Jury Backs Kansas City Chiefs in First of Three Age Discrimination Claims
A Missouri jury found that the Kansas City Chiefs did not fire a former employee because of his age, but the NFL franchise still faces two more age-discrimination lawsuits.
The complaints arise from a series of firings in the team’s “front office”—its administrative staff—after the 2009 arrival of Scott Pioli as the new general manager. Several former employees said they fell victim to a concerted scheme to make the staff younger.

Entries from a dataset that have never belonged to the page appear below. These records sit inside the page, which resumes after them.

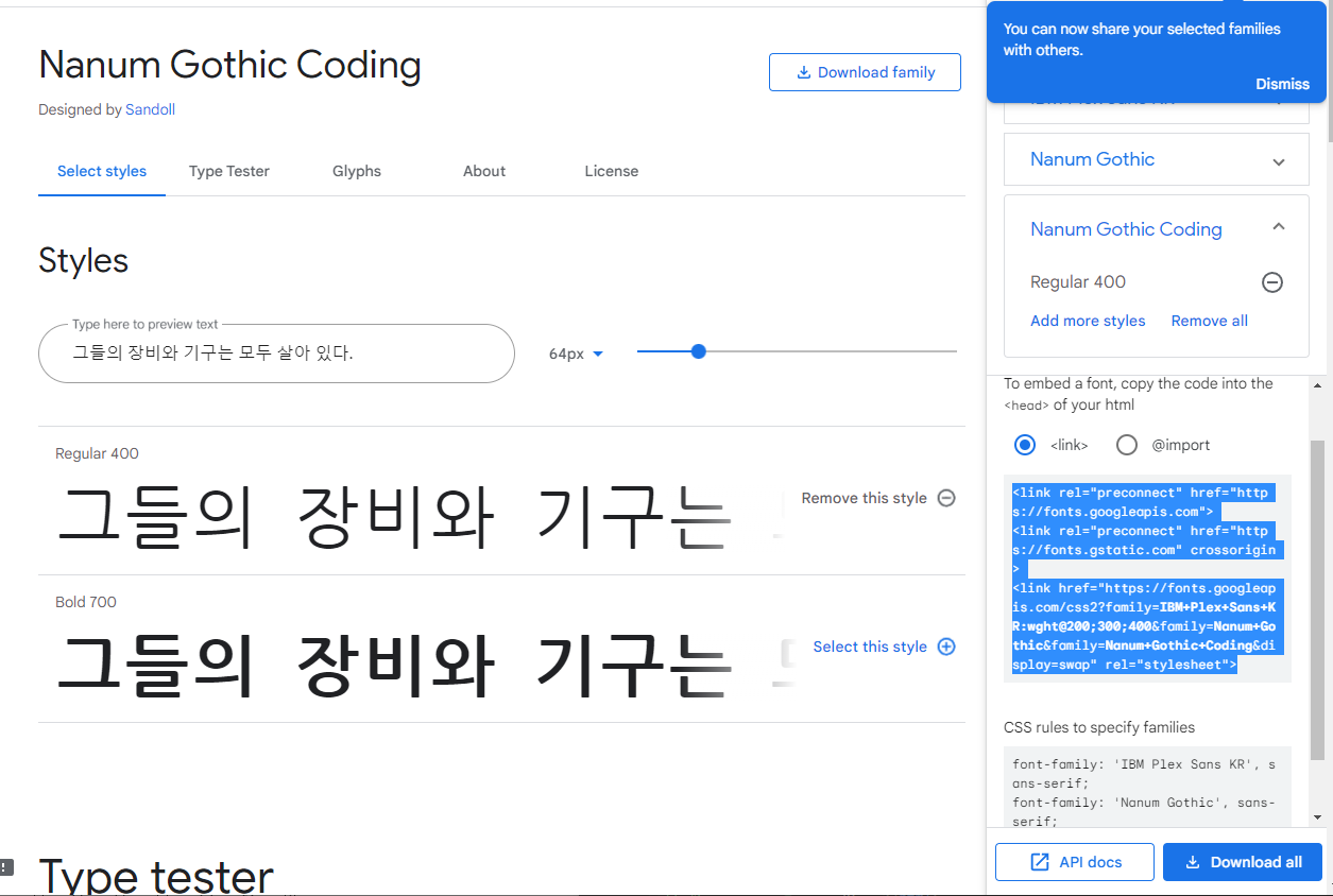 구글 폰트(www.fonts.google.com)에 들어가 원하는 한글체 link를 퍼와 html <head>에 붙여준다.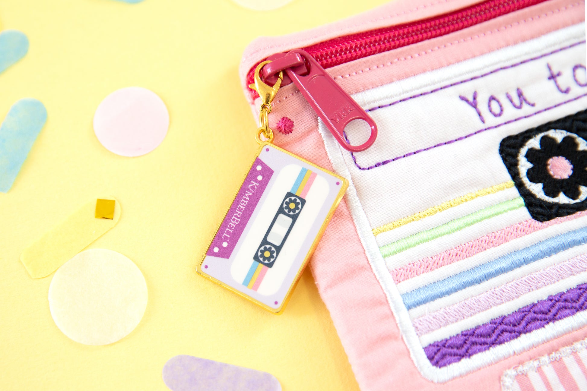 Kimberbell's Stitchin' Rewind 80's Zipper Charms. Our pack of three includes a flower, a mixed tape and a roller skate to delight your 1980's soul. With a lobster clasp and darling detail, these charms are "totally tubular" touch for pouches, purses and more.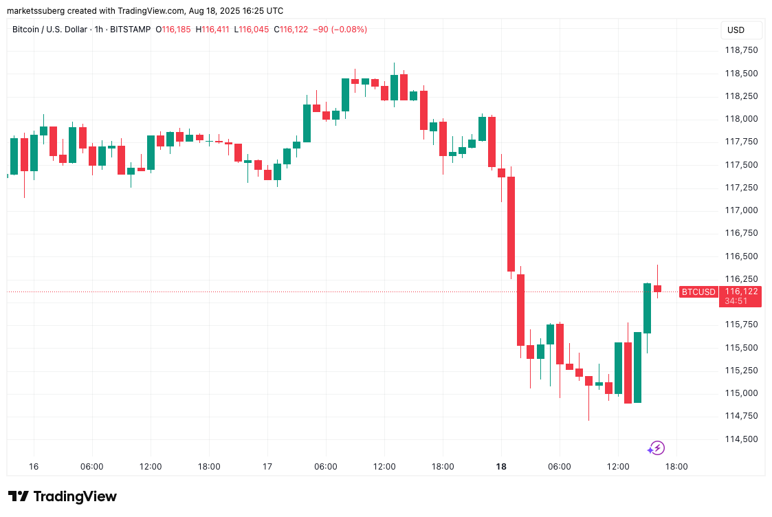 Bitcoin (BTC) returned to $116,000 after Monday’s Wall Street open as bulls fought to set off a short squeeze.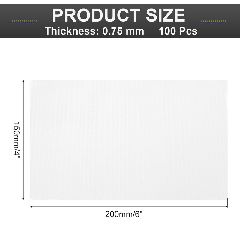 - Material: Foam Paper;Product Size: 150 x 200mm / 6 x 8 Inch (W*L);Thickness: 0.75 mm / 0.03 Inch;Color: White;In the package of: 100 Pcs x Cushion Foam Pouches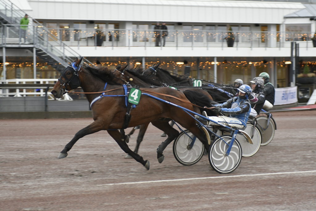 Henna Halme tog årets första seger när Corleone D.K. vann på lunchtravet. Henna körde till ledningen efter knappa 350 meter och körde sedan ett bra lopp efter klockan. Segern var värd 30 000 kronor och segertiden blev 1.15,4/2640 auto.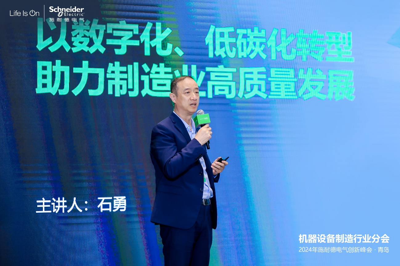 6月6日,汇聚创新洞察与前瞻观点的“双擎并进,数智新生”2024年施耐德电气创新峰会在青岛盛大举行。在本次峰会的机器设备制造行业分会上,机械工业信息研究院产业首席专家、工信智库联盟副理事长石勇指出,数字化浪潮正推动制造业形成新的价值创造体系;同时绿色化成为重要而活跃的经济增长新动能;数字化、低碳化“双转型”将成为锻造制造业竞争力的重要手段。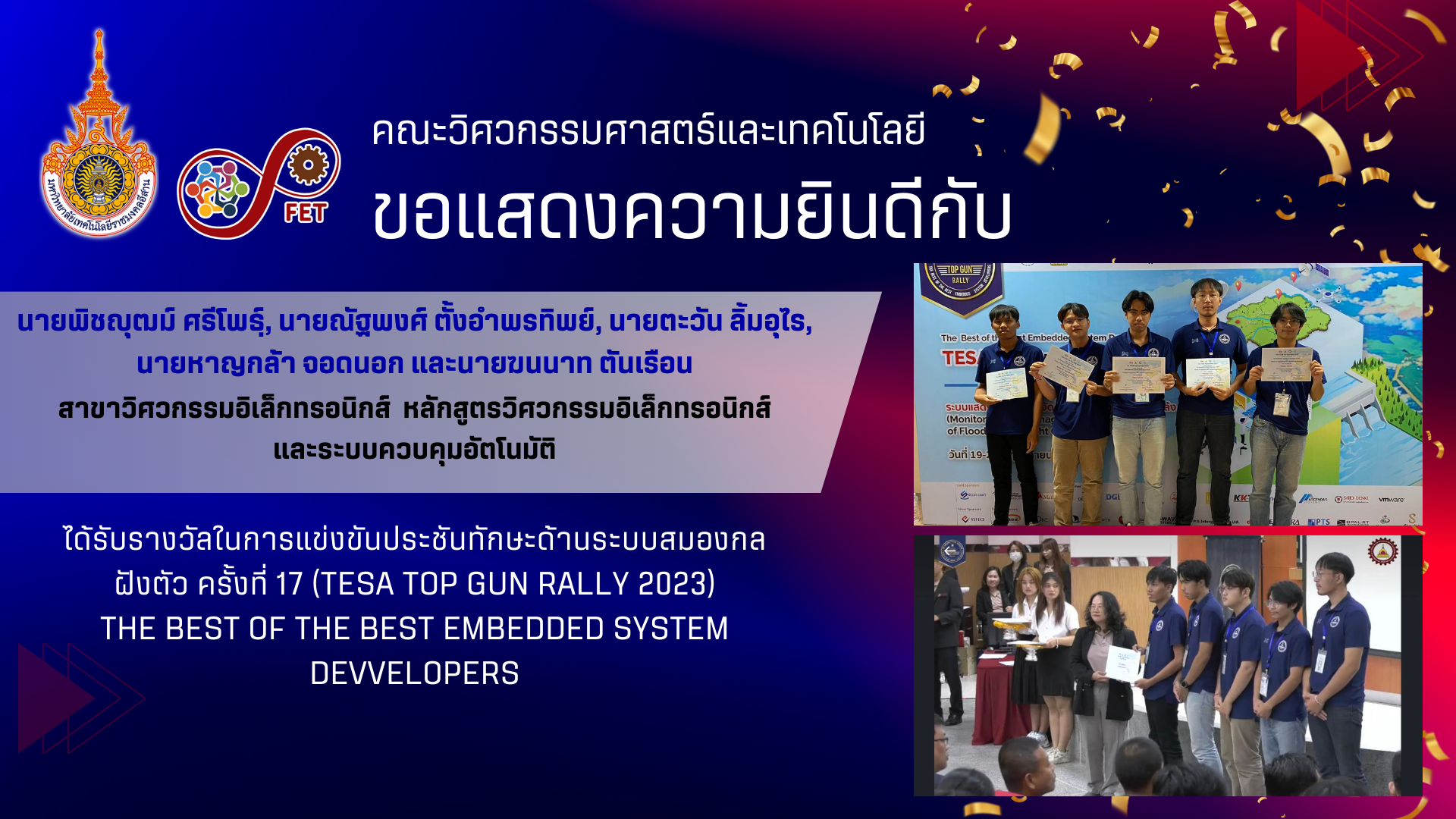 คณะวิศวกรรมศาสตร์และเทคโนโลยี ขอแสดงความยินดีกับ นายพิชญุฒม์ ศรีโพธฺ์, นายณัฐพงศ์ ตั้งอำพรทิพย์, นายตะวัน ลิ้มอุไร, นายหาญกล้า จอดนอก และนายฆนนาท ตันเรือน สาขาวิศวกรรมอิเล็กทรอนิกส์ หลักสูตรวิศวกรรมอิเล็กทรอนิกส์และระบบควบคุมอัตโนมัติ ได้รับรางวัลในการแข่งขันประชันทักษะด้านระบบสมองกลฝังตัว ครั้งที่ 17 (TESA Top Gun Rally 2023) The Best of The Best Embedded system devvelopers

On March 6, in the first case to reach trial, state court jurors found the Chiefs did not discriminate against Steve Cox because of his age. The former maintenance manager was fired in 2010, purportedly for giving an employee an unapproved raise.
Mr. Cox, then 61, had claimed that his firing violated the Missouri Human Rights Act, which outlaws workplace discrimination based on age. He asked for back pay of more than $400,000, plus damages. His lawyer said Mr. Cox would appeal.
Mr. Pioli himself was fired by the Chiefs at the start of 2013, and testified at the trial.
In addition to Mr. Cox’s possible appeal, the football team still faces two more age-bias lawsuits. Brenda Sniezek sued the Chiefs in 2011, claiming discrimination for her dismissal after nearly 30 years in the front office. And former controller Larry Clemmons also has a complaint working its way through the state courts.
The Chiefs had argued that both those disputes were governed by mandatory arbitration clauses in the employment contracts of Ms. Sniezek and Mr. Clemmons, and couldn’t be tried in a court. But in February a state appeals panel disagreed, allowing both cases to proceed as civil actions.